Capacity Recovery · 7 min read

    Capacity Recovery ROI — What CIOs Should Expect in 90 Days

    What measurable outcomes should a CIO expect from a capacity recovery engagement? Verified ROI data from enterprise environments including manufacturing, healthcare, and distribution.

    PROOF ARCHITECTURE

    Capacity Recovery
    ROI in 90 Days

    43%
    DIAGNOSE
    DAY 1–21 — Unplanned work found
    7/10
    REMOVE DRAG
    DAY 22–60 — Root causes killed
    38%
    PROVE ROI
    DAY 61–90 — Capacity recovered
    Velocity, not cost avoidance — recovered capacity = more work from same team
    Allari·Published March 5, 2026

    Every IT leader knows the feeling.

    You're staring at a backlog that's growing faster than your team can chip away at it, your best people are buried in firefighting, and the business keeps asking when that next project is going to ship. You know the team is over-committed. That part isn't a mystery.

    The harder question—the one that keeps you up at night—is this: if you make a change, what does recovery actually look like? And how fast?

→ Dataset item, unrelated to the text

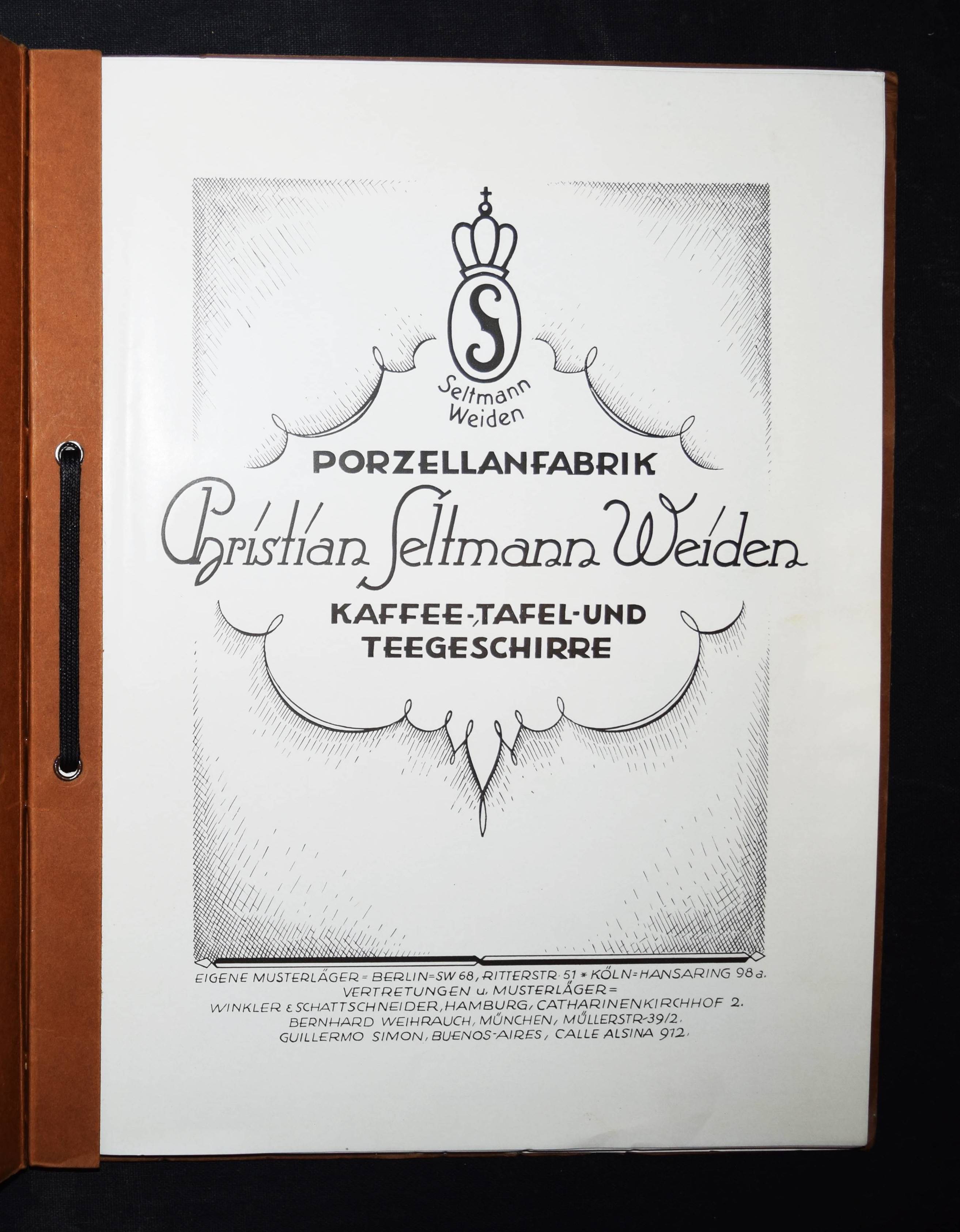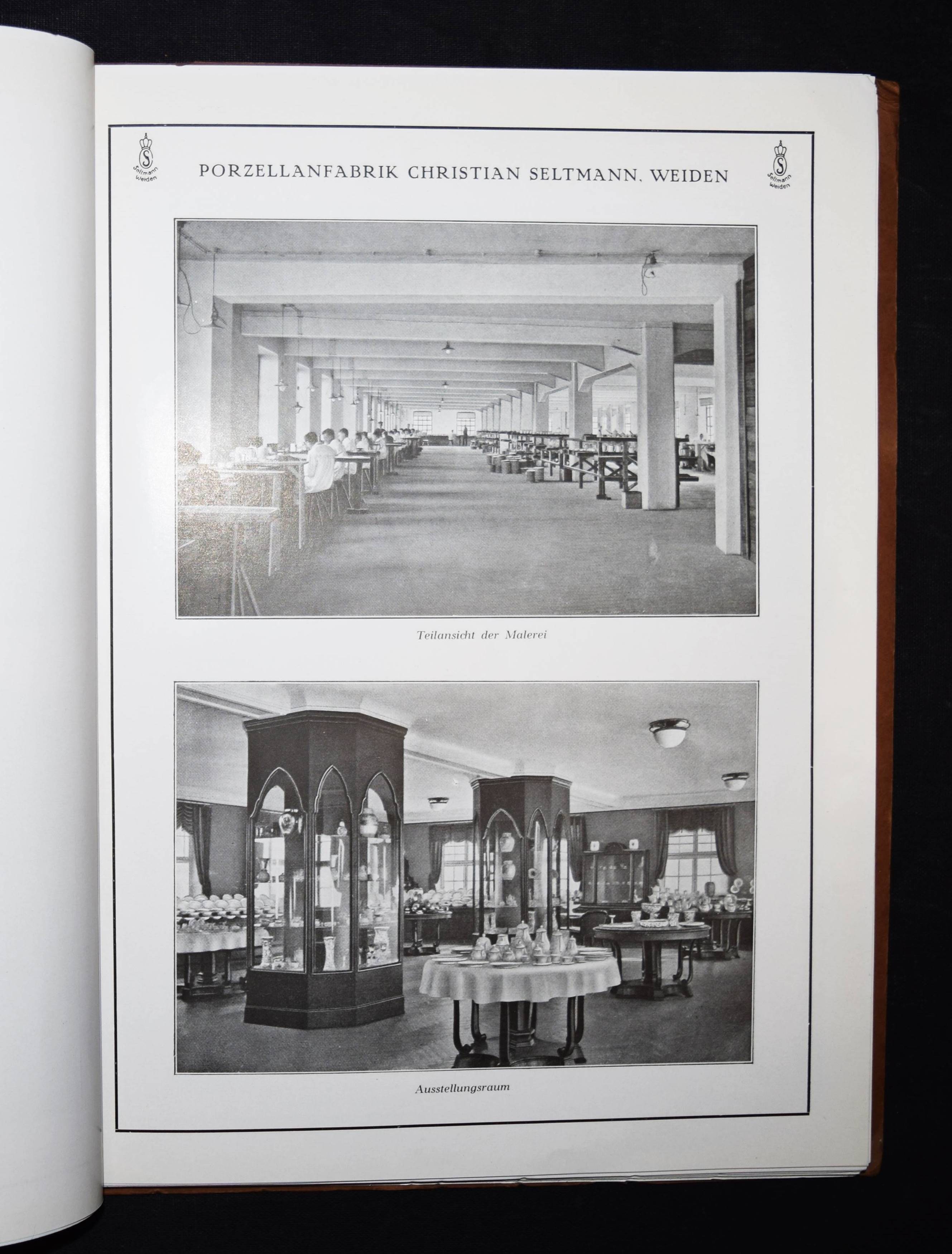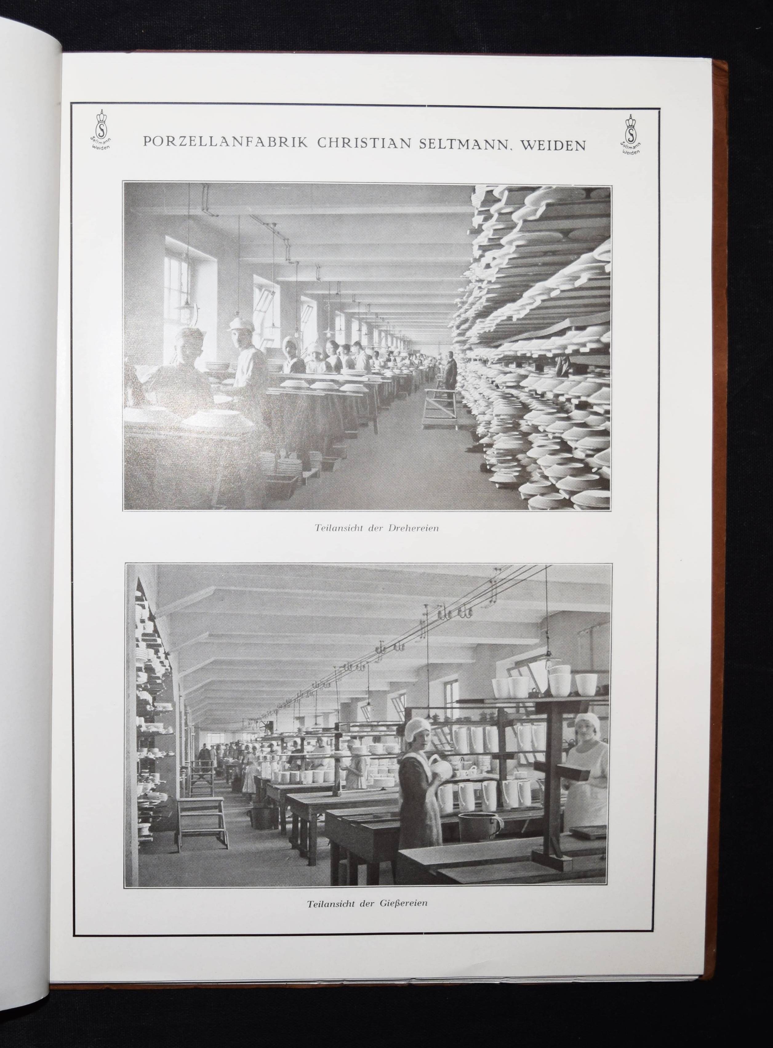 (Seltmann, Wilhelm, Hrsg.). Kaffee-, Tafel- und Teegeschirre. (Katalog der) Porzellanfabrik Christian Seltmann Weiden. Weiden, Selbstverlag o. J. (um 1925). 4°. [12] Bl., 16 S. mit zahlr. Abb. u. 14 farblithogr. Tafeln. Illustr. OKart. Schön ausgestatteter Verkaufskatalog der bekannten oberfränkischen Porzellan-Manufaktur. – „Die „Porzellanfabriken Christian Seltmann“ wurden im Jahr 1910 von Christian Wilhelm Seltmann (geb. 1870) gegründet. Er lernte zunächst den Beruf des Porzellandrehers und modellierte und bemalte in seiner Freizeit Porzellan. Die Firma Seltmann Weiden begann ihre Produktion für Gebrauchs- und Luxusporzellan zunächst mit drei Rundöfen, die 1913 um zwei vermehrt wurden“ (Wikipedia). – Sehr gutes Exemplar.

    Across 27 years and 42 enterprise engagements—62 Fortune 500 clients—the answer has taken shape.

    Here's what the first 90 days actually look like when you get serious about capacity recovery—not the theory, but the forensic, data-backed reality.

    The 90-Day Recovery Curve

    Here's the truth: capacity recovery doesn't happen in a straight line.

    It happens in three distinct phases, and if you know what to expect in each one, you won't panic when Day 14 doesn't feel like a revolution. It's not supposed to.

    Phase 1: Diagnostic and Baseline (Days 1–21). This is where the curtain gets pulled back.

    Everything gets instrumented—ticket flows, aging patterns, escalation paths, who's doing what work and how long it takes. Most organizations have never actually measured this.

    They have a ticketing system, sure, but nobody's done the forensic work of mapping where time actually goes. This shows up all the time. Say an IT organization has 12 people on the apps team. On paper, that looks like plenty of capacity.

    But when you pull a year's worth of tickets into a spreadsheet and start categorizing, you discover that 40% of everyone's week is consumed by unplanned work—password resets, one-off data fixes, the same recurring issue that's been "resolved" six times but never root-caused. That's not a staffing problem. It's a bandwidth issue.

    Phase 2: Execution Drag Removal (Days 22–60). Now the real work starts. Once you know where the drag is, you can start cutting it out. This means fixing dispatch rules so tickets stop bouncing between people.

    It means standing up root cause analysis on the top recurring incidents—not just patching them, but actually killing them.

    It means implementing ID²—Identify, Define, Delegate—so that every piece of incoming work gets triaged properly before it touches anyone's queue. The results in this phase tend to surprise people.

    Not because anything magical is happening, but because the waste was so massive that even basic process discipline produces dramatic improvement.

    Phase 3: Capacity Recapture and Proof (Days 61–90). This is where the CIO gets their dashboard moment. By now, you can measure the before and after. Ticket aging is down. Unplanned work percentage is dropping.

    Your team is spending more time on planned, strategic work and less time chasing ghosts.

    And here's the kicker—the proof isn't a PowerPoint deck someone put together for a quarterly review. It's live operational data. You can see it in real time.

    What the Numbers Actually Look Like

    Stats without context are useless. Here are three real examples from Allari engagements.

    At HellermannTyton—a $750M global manufacturer running JDE—analysis of 8,759 service interactions during stabilization revealed dramatic results. Ticket aging dropped from 16.4 days to 1.77 days. That's an 89% reduction. Year 1 cost compression hit 19%. And the capacity recovered? 40%. That's not 40% more people.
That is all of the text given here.